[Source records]
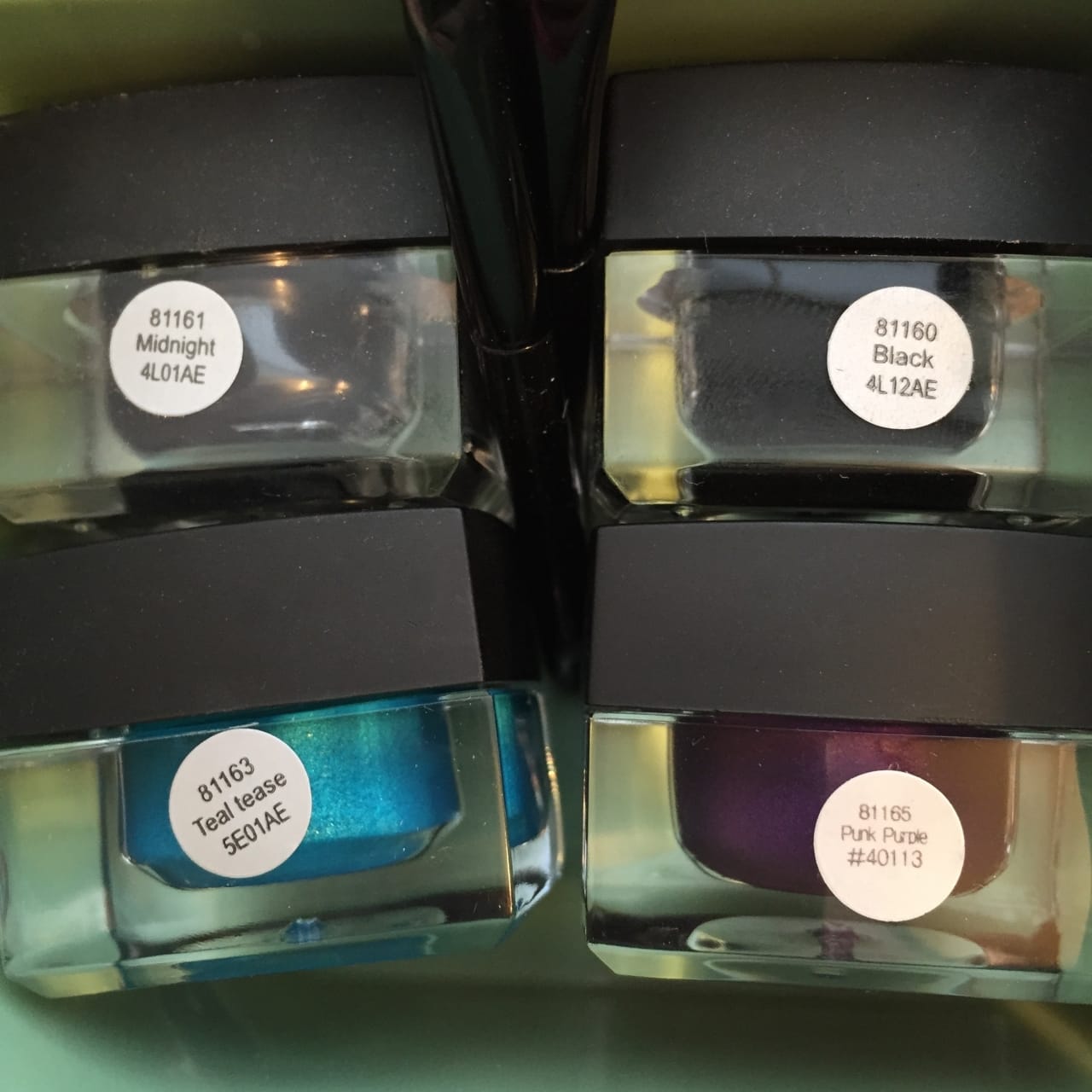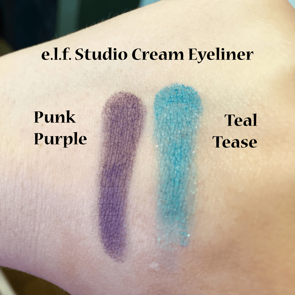 Next up are some new e.l.f. Studio Cream Eyeliners that I picked up. I already have them in Black and Midnight Blue, and I didn’t swatch those because they are exactly the colors you would expect them to be. I DID swatch out the new colors I bought! I got Teal Tease to do some fun looks with, though I probably won’t wear it out all too often. It’s very pretty and sparkly, though! The Punk Purple is a color I may use more often, though it is a little harder to work with for some reason. It’s also less sparkly than the teal.
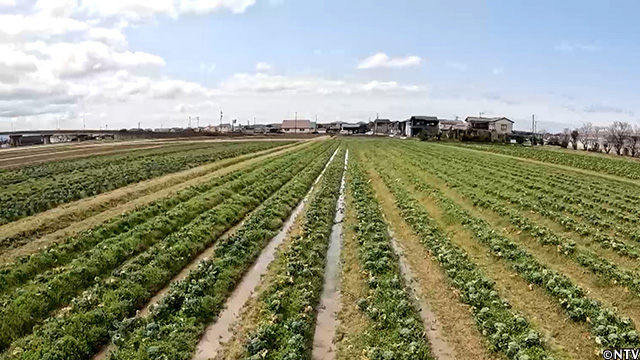 田んぼの土は粘土質で水持ちがよく、越冬ブロッコリーは雪も相まって定植から水やりを1度も行わない。
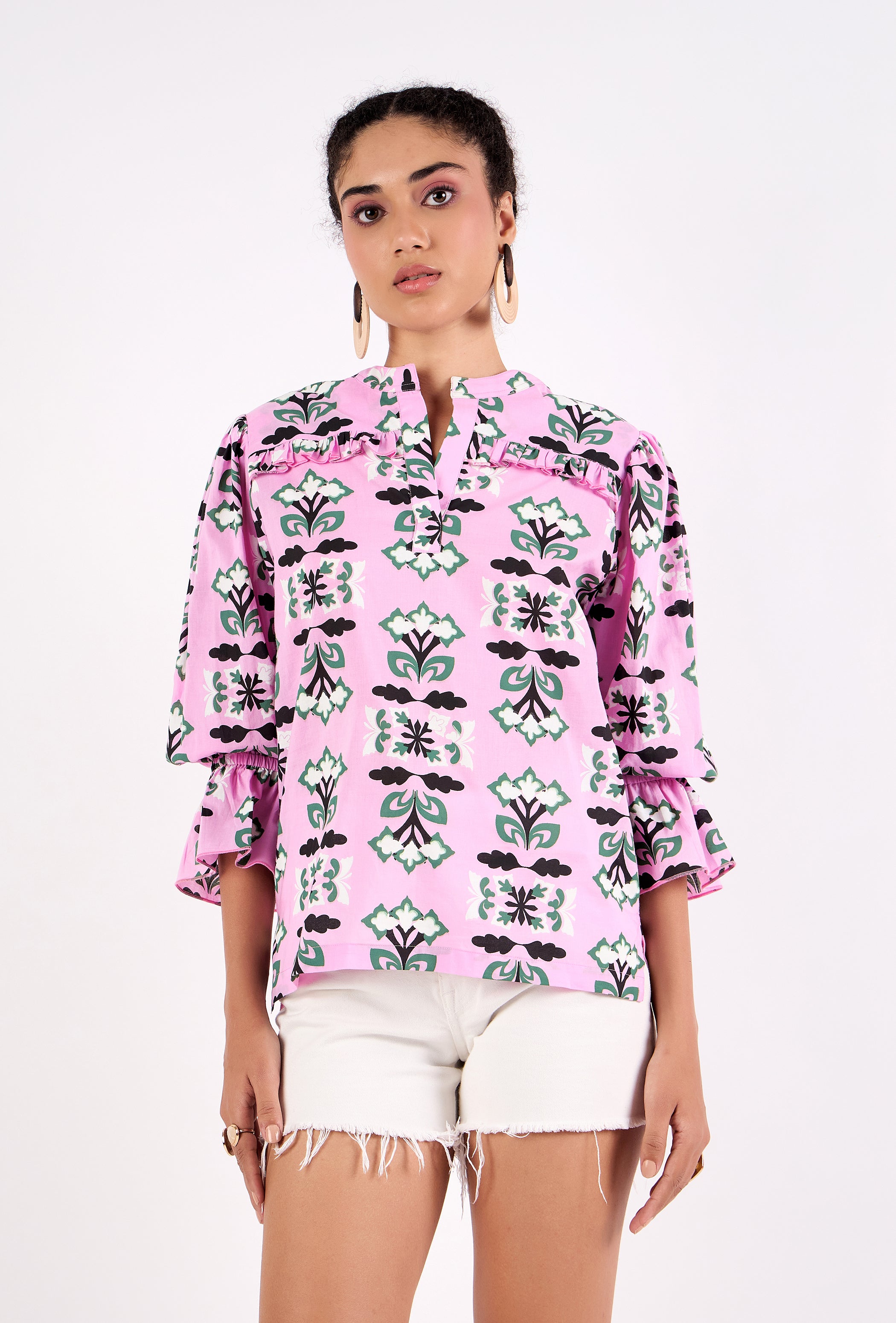 Bella's outer layer showcases our stunning hand-drawn print and is lined with recycled block-printed fabric. The drawstring closure adds a feminine touch, while the gathered fabric at the handles enhances its elegant design. Sturdy mango wood handles bring a natural, earthy element. This quilted bucket bag is a chic accessory that effortlessly elevates any outfit.
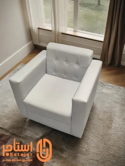 Product Name: Single White Fabric Sofa with Button-Up Back Specifications: Color: White Material: Luxurious Fabric Design: White Fabric Armchair with Button-Up Back Features: Elegant and luxurious design made from high-quality fabric. Decorated with buttons on the back, adding a touch of classic elegance. Provides excellent comfort thanks to its thoughtful and durable design. Ideal for use at parties, events, and receptions. Reservation Method: Select the desired number of chairs. Select the rental period using the available calendar. Continue to pay via the provided link. After completing your payment, we will contact you within 3-5 hours to confirm your details and delivery.
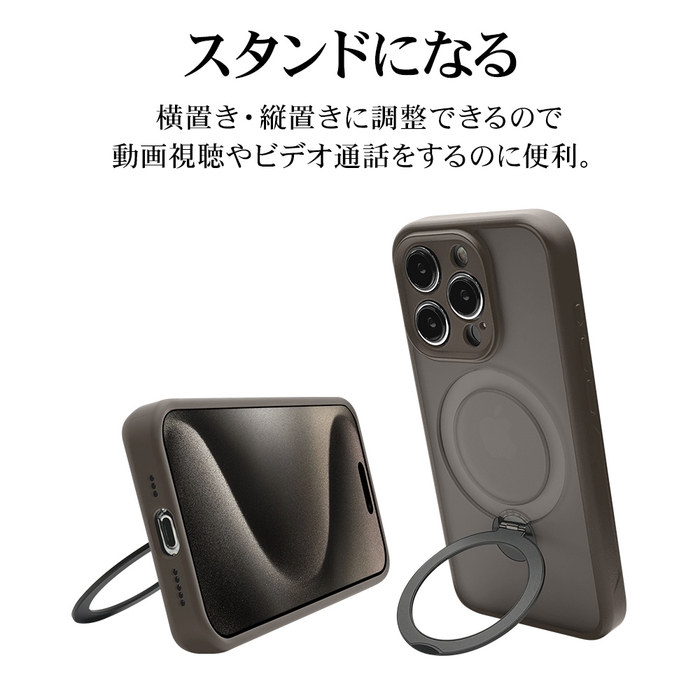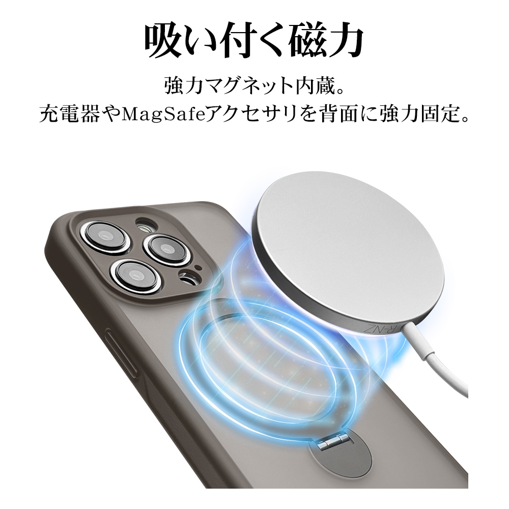 MagSafe対応リング付きのハイブリッド背面ケースです。
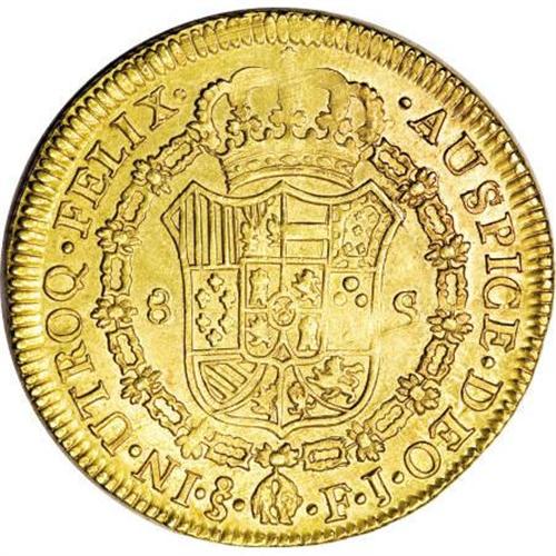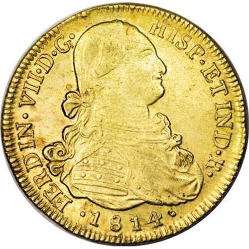 <B>Ferdinand VII gold 8 Escudos 1814-FJ,</B></I> KM78, choice AU-UNC, lightly toned and fully original. The details are unusually sharp on both sides giving this example exceptional eye appeal. Very scarce this nice!<BR><BR><b>Shipping:</b> Coins & Currency (<a target="_blank" href="http://www.heritageauctions.com/common/shipping.php">view shipping information</a>)

> [Task description]: Only the lines from the one holding "Product Name: Single" through the end of the records belong in the answer, copied exactly and without pictures.

> [Task output]:
 Product Name: Single White Fabric Sofa with Button-Up Back Specifications: Color: White Material: Luxurious Fabric Design: White Fabric Armchair with Button-Up Back Features: Elegant and luxurious design made from high-quality fabric. Decorated with buttons on the back, adding a touch of classic elegance. Provides excellent comfort thanks to its thoughtful and durable design. Ideal for use at parties, events, and receptions. Reservation Method: Select the desired number of chairs. Select the rental period using the available calendar. Continue to pay via the provided link. After completing your payment, we will contact you within 3-5 hours to confirm your details and delivery.
 MagSafe対応リング付きのハイブリッド背面ケースです。
 <B>Ferdinand VII gold 8 Escudos 1814-FJ,</B></I> KM78, choice AU-UNC, lightly toned and fully original. The details are unusually sharp on both sides giving this example exceptional eye appeal. Very scarce this nice!<BR><BR><b>Shipping:</b> Coins & Currency (<a target="_blank" href="http://www.heritageauctions.com/common/shipping.php">view shipping information</a>)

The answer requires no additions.